Н-да, действительно, уж лучше запах конюшни! Над полом клубилась пыль, выбиваемая каблуками из старых досок, угарный свечной чад смешивался с тяжелым запахом потных, давно не мытых тел и резкими ароматами духов и румян. От смрада к горлу подступала тошнота. Вонь мешала внимать чудесным звукам музыки. Большой зал, отделанный золотом и пурпуром, гудел, словно пчелиный рой. Расставленные вдоль стен скамьи, светильники и жирандоли оставляли место для небольшого буфета. Ложи, напоминавшие ячейки сот, довершали сходство с ульем.

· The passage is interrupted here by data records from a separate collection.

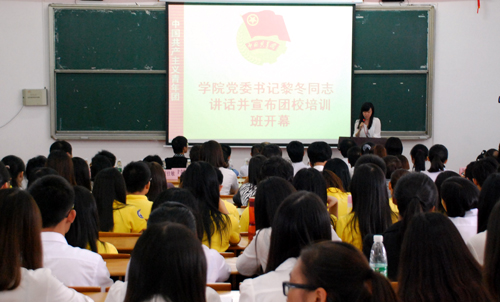 本网讯(记者 林丹 沙金烨 实习记者 吴蓓蓓 邓贵芳)为了更系统学习理论和提高团务素质,培训一支忠诚党和团的事业的高素质团干部队伍,10月18日下午,我院在教学楼C301、C302举行业余团校开班仪式暨关注“90后”论坛第三讲。党委书记黎冬出席了仪式。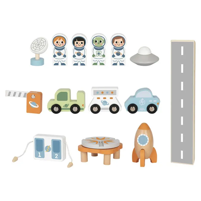 Lansează-ți imaginația cu setul de joacă Space Station de la Tooky Toy. Acest set din lemn cu mai multe niveluri combină aventura spațială și distracția cu vehicule: rampe, rampă de lansare a rachetelor și rampă de aterizare pentru OZN-uri. Cele 14 piese - roboți, astronauți, extratereștri, vehicule și accesorii - le vor permite copiilor să își creeze propriile povești spațiale din nou și din nou.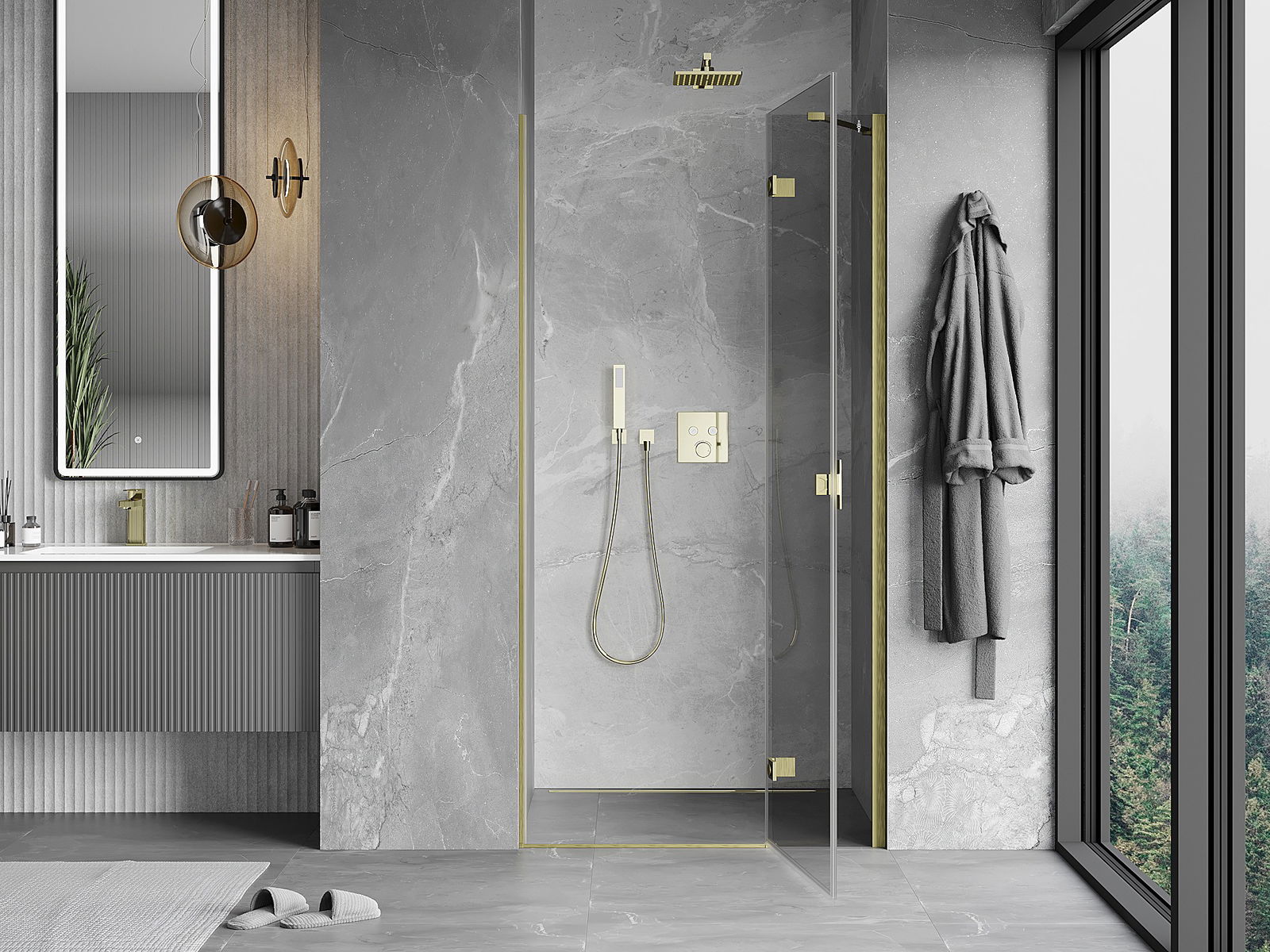 Praktická a pohodlná rukoväť je vyrobená z odolného a pevného kovu. Moderný tvar v kombinácii s povrchovou úpravou prispôsobenou farbe profilov dodáva celku moderný a štýlový vzhľad, zdôrazňujúc estetiku každej kúpeľne.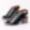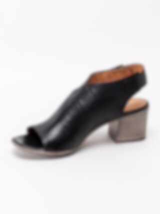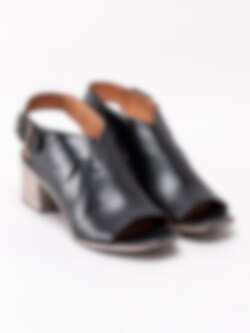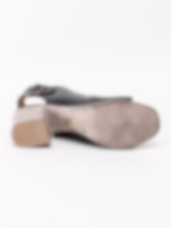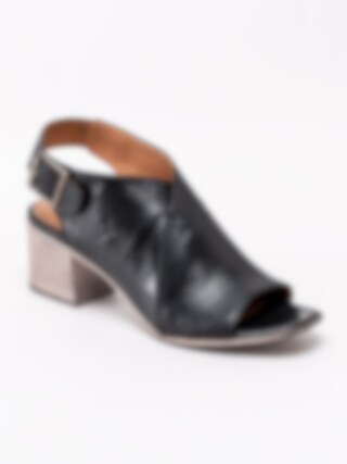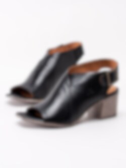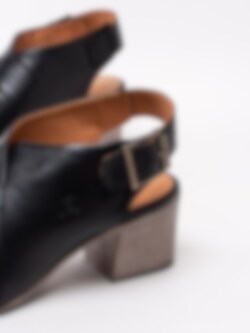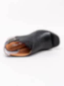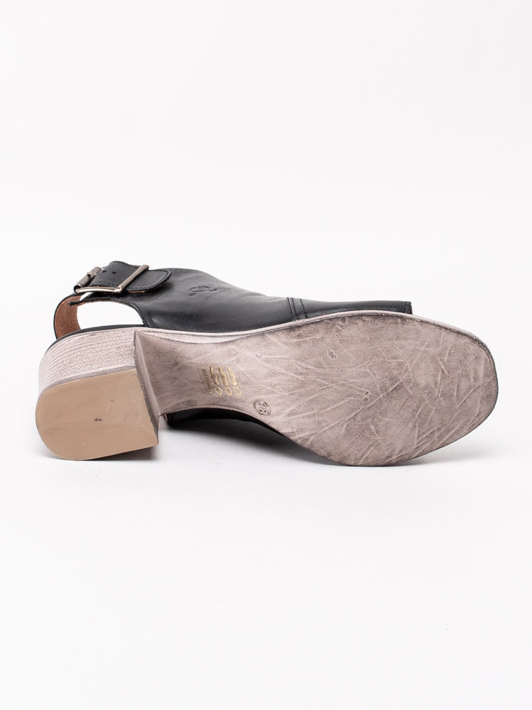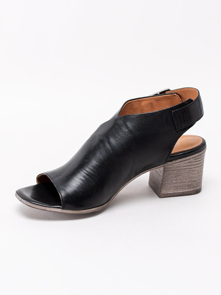 Svarta sandaletter från Rosa Negra tillverkade i skinn med korsat framparti. Präglad logga på utsidan. Svart justerbar hälrem med spänne i silver som öppning. Brunt foder och innersula i skinn med sömlös logga i silver och svart tå. Klossklack i träimitation på ca 6 cm. Beige yttersula i syntet med slät yta.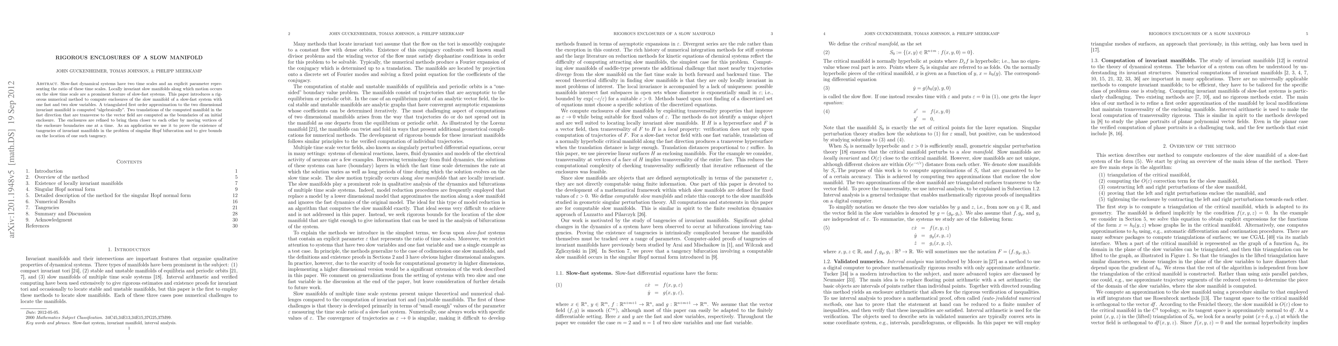 This paper presents a rigorous numerical method to compute enclosures of the slow manifold in slow-fast dynamical systems, refining initial approximations by moving boundary vertices, and applies the method to prove the existence of tangencies in singular Hopf bifurcation scenarios.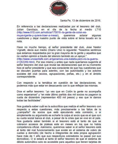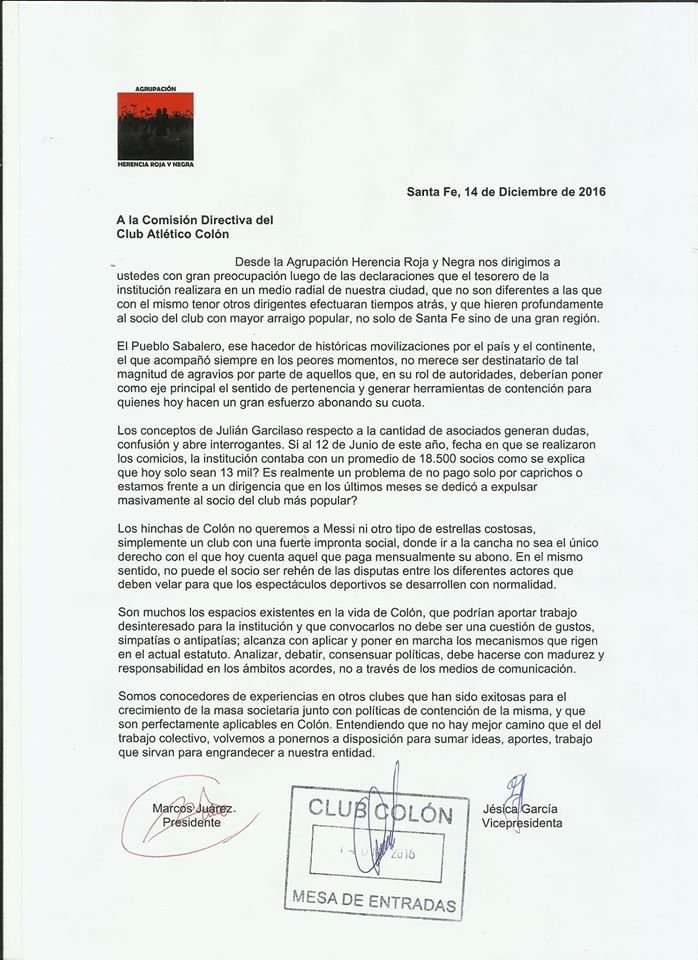 Desde la Agrupación Herencia Roja y Negra nos dirigimos a ustedes con gran preocupación luego de las declaraciones que el tesorero de la institución realizara en un medio radial de nuestra ciudad, que no son diferentes a las que con el mismo tenor otros dirigentes efectuaran tiempos atrás, y que hieren profundamente al socio del club con mayor arraigo popular, no solo de Santa Fe sino de una gran región.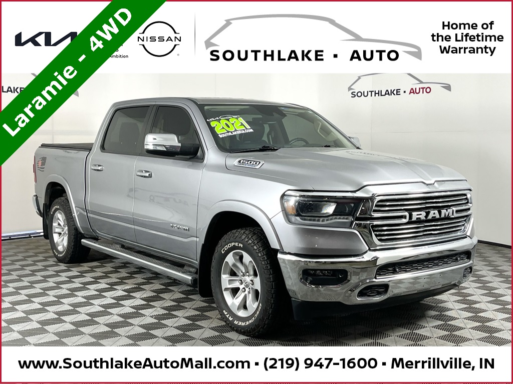 Recent Arrival! 2021 Ram 1500 Laramie 4WD Billet Silver Metallic Clearcoat Lifetime Warranty!, Local Trade, 4X4, Air Conditioning, Auto High Beam Headlamp Control, Foam Bottle Insert (Door Trim Panel), Heated front seats, Laramie Level A Equipment Group, Overhead console, ParkSense Front/Rear Park Assist w/Stop, Quick Order Package 27H Laramie, Radio: Uconnect 4 w/8.4" Display, Rain Sensitive Windshield Wipers, Rear 60/40 Folding Split Recline Seat, Remote Tailgate Release, Speed control, Tailgate Ajar Warning Lamp, Wheels: 18" x 8" Aluminum Base Painted.Odometer is 28029 miles below market average!Why we use market based pricing?We believe that today's used car buyers search the Internet to find the best value on the vehicle they want. Each search returns dozens, if not hundreds, of similar vehicles in their area to consider. Customers shorten this to a manageable list by ranking vehicles with the best price and mileage at the top. Because of this we utilize a software tool that show us where our inventory ranks on popular car shopping sites when searched and gives us the information we need to immediately adjust our prices and drive customers to our lot. We believe that Market Based Pricing aligns our cars best with what the consumer is looking for.Proudly serving Matteson IL, 60443, Park Forest IL, 60466, Richton Park IL, 60471, Chicago Heights IL, 60411, 60412, 60422, Portage IN, 46368, Merrillville IN, 46410, Crown Point IN, 46307, Lake Station IN, 46303, Chesterton IN, 46304, Hammond IN, 46320.

Чтобы отвлечься от мрачных мыслей, Николя разглядывал пестрые костюмы танцующих. Тут маски взялись за руки, образовав длинную, словно гусеница, цепочку, и в веселом танце заскакали по залу. Косолапый медведь держал за руку веселого полишинеля, сжимавшего руку закутанной в блестящие шелка султанши. Прямо на комиссара надвигался призрак в саване, с набеленным, мертвенно-бледным лицом, на котором карбункулами сверкали глаза. Подмигнув Николя, призрак показал ему зеленый язык. Венецианские маски с застывшими выражениями безглазых лиц вносили диссонанс в атмосферу всеобщего оживления. Карнавальные костюмы не позволяли различить, где мужчина, а где женщина, и эта неопределенность придавала веселью еще большую пикантность. Устроившись в уголке своей ложи, он оперся подбородком на серебряный набалдашник трости. Трость с секретом преподнес ему на Новый год инспектор Бурдо. При помощи кольца и пружины набалдашник отделялся, обнажая скрытый в трости клинок. Английская пуля разбила рукоятку и снесла боек маленькому пистолету Николя
[1]
, всегда сопровождавшему его в опасных предприятиях, и его верный помощник сказал, что, пока ему делают новый пистолет, с этой тростью он может чувствовать себя уверенно.
Сегодня вечером Николя обеспечивал безопасность королевы: дождавшись, пока король, сломленный усталостью, заработанной днем на охоте, отправится спать, она в компании близких друзей в очередной раз незаметно ускользнула из Версаля. Подобные эскапады королевы не могли не волновать начальника парижской полиции Ленуара, и тот поручил Николя осуществлять наблюдение. Королева не терпела, когда ей надоедали излишними, по ее мнению, предосторожностями. Право следовать за ней тенью она признавала только за своим верным Компьеньским кавалером, с которым ее связывали как услуги, оказанные лично ей, так и немало услуг, оказанных им королевской семье.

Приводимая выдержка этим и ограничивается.